HASLET, TX-After a yearlong search for an expansion site, KFS Inc. has bought a 10-acre hard corner in AllianceTexas, planning a shift of its warehousing operation from a 17-year location at D/FW International Airport. The global transportation company plans to keep its headquarters at the airport and put two of its three buildings up for sale.
James Keller, president of KFS, tells GlobeSt.com that ground will break in October on an estimated 140,000-sf warehouse, with completion eyed for April 2007 at the corner of Tradewind Drive and Intermodal Parkway. "We have grown to the point that we need some first-class warehouse space," he says. The transporter, like many of its peers these days, has a Hong Kong office to support its network in Atlanta, Chicago, Los Angeles and Seattle. The headquarters sits at 900 Port America Place in Grapevine and it has two warehouses at 1722 Minters Chapel Rd.

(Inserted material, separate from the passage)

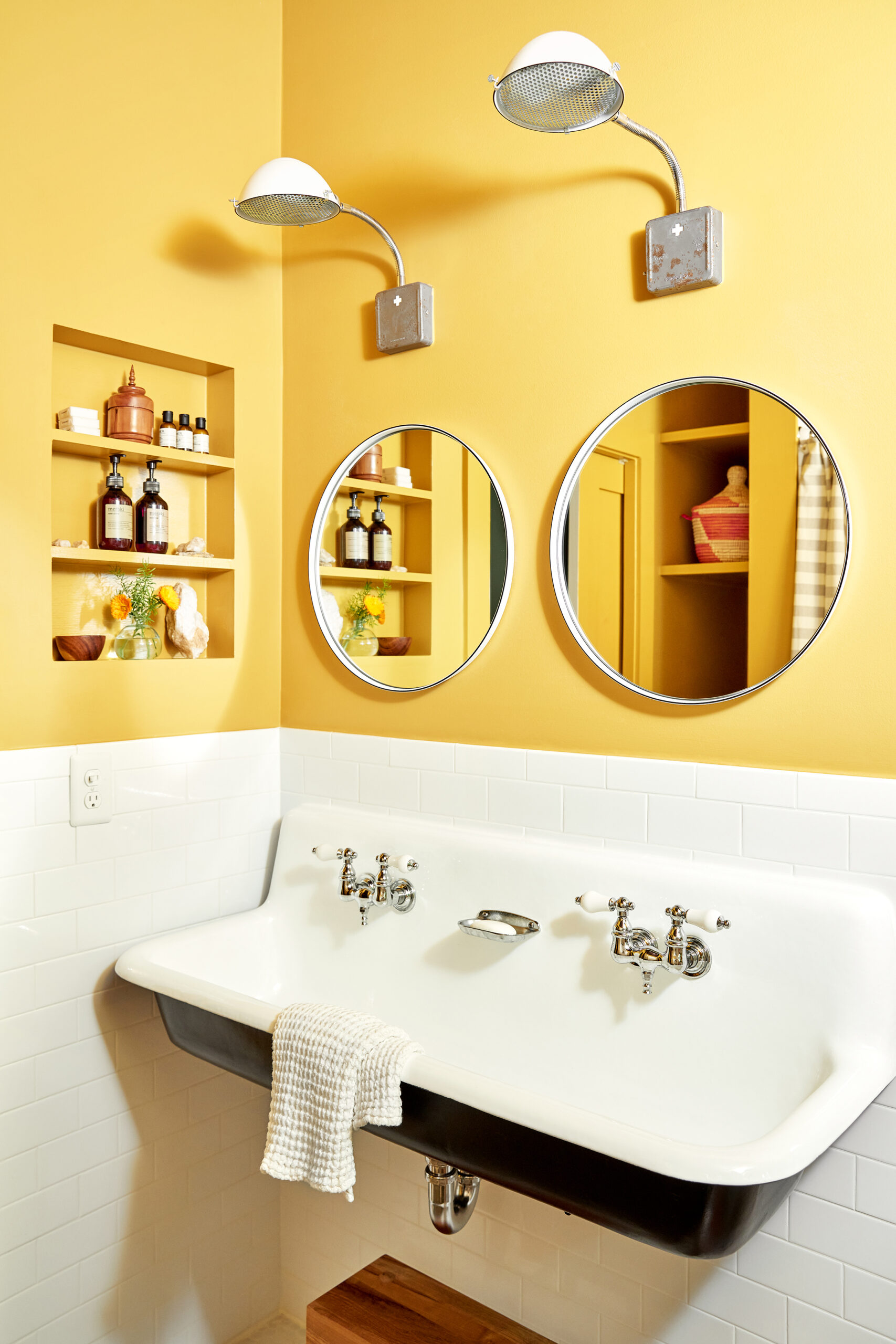 In fact, natural elements were the main source of inspiration for nearly every piece of furniture or fabric the pair sourced, whether it was the rattan sconces or a dialed-back paint palette. “She’s a bit cool, transitional, historic,” Sharif says of Amy’s style, noting that it took a few tries to find just the right style. The designers landed on a modern retreat–meets–cozy mountain cabin look in the end, selecting plaids and leathers that would wear well over time; a wood stove; stone wall hooks; and a farm sink in the mustard yellow bathroom. Livable comfort was really what Hayes and Sharif were going for—and with groups of fishermen traipsing through the house in waders, or children returning from a day spent in old-growth woods and swinging above the water, it’s what the tranquil hideaway was calling for.

Keller says the dealmakers to buy land in Hillwood's Westport corridor were the Burlington Northern Santa Fe intermodal yard and the Foreign Trade Zone status. "Alliance had all the elements that we wanted," he says. The rest of the must-haves will come in a design by Dallas-based Good Fulton & Farrell Architects.

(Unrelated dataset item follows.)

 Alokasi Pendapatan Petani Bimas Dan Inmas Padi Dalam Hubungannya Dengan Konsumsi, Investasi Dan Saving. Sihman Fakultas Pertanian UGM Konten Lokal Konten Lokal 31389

Noel Hutcheson and Rick Hughes with Cushman & Wakefield of Texas Inc. spent roughly a year on the site search. "We were focused on all sites from the D/FW airport and west," Hutcheson says. "What really was important at the end of the day for Hillwood and KFS was the location, Foreign Trade Zone, Triple Freeport and the featured amenities of Alliance, which are unmatched in any other park."
KFS, though, isn't the only company about to land in the Westport section of the 17,000-acre AllianceTexas, where rail, air and highway come together. Another 10-acre tract, give or take, has been sold right beside the KFS site. At least half of the 50 acres sold to date this year in AllianceTexas have tapped Westport's reserves, says Tony Creme, marketing manager for the locally based Hillwood.
"The demand is definitely picking up on that side of the park," Creme says, crediting import traffic from China with the strong uptick in regional industrial demand. The BNSF tracks are a direct connection to the California ports.
One million sf has been absorbed this year in AllianceTexas' 25 million sf. Hillwood historically has at least 600,000 sf of ready-to-fill space to wager on deals in the market. With demand so strong, the development team has just delivered a 400,000-sf spec project on the park's eastern front, pushing the available stock to 700,000 sf.
Meanwhile, the Fort Worth-based BNSF's intermodal yard in AllianceTexas is projected to hit 600,000 lifts this year, with nearly 80% of the goods coming from Asia. To meet its demand, BNSF is working the dirt on a couple hundred abutting acres to add more trailer and chassis parking.
AllianceTexas is the statewide model, maybe even nationwide, for today's favorite catch phrase, inland port. "It's an established, well-oiled inland port that's been there 15 years," Creme says. "This one deal is an indication of the interest we've had in Westport in general. It's a global transportation company. They just fit into the story perfectly."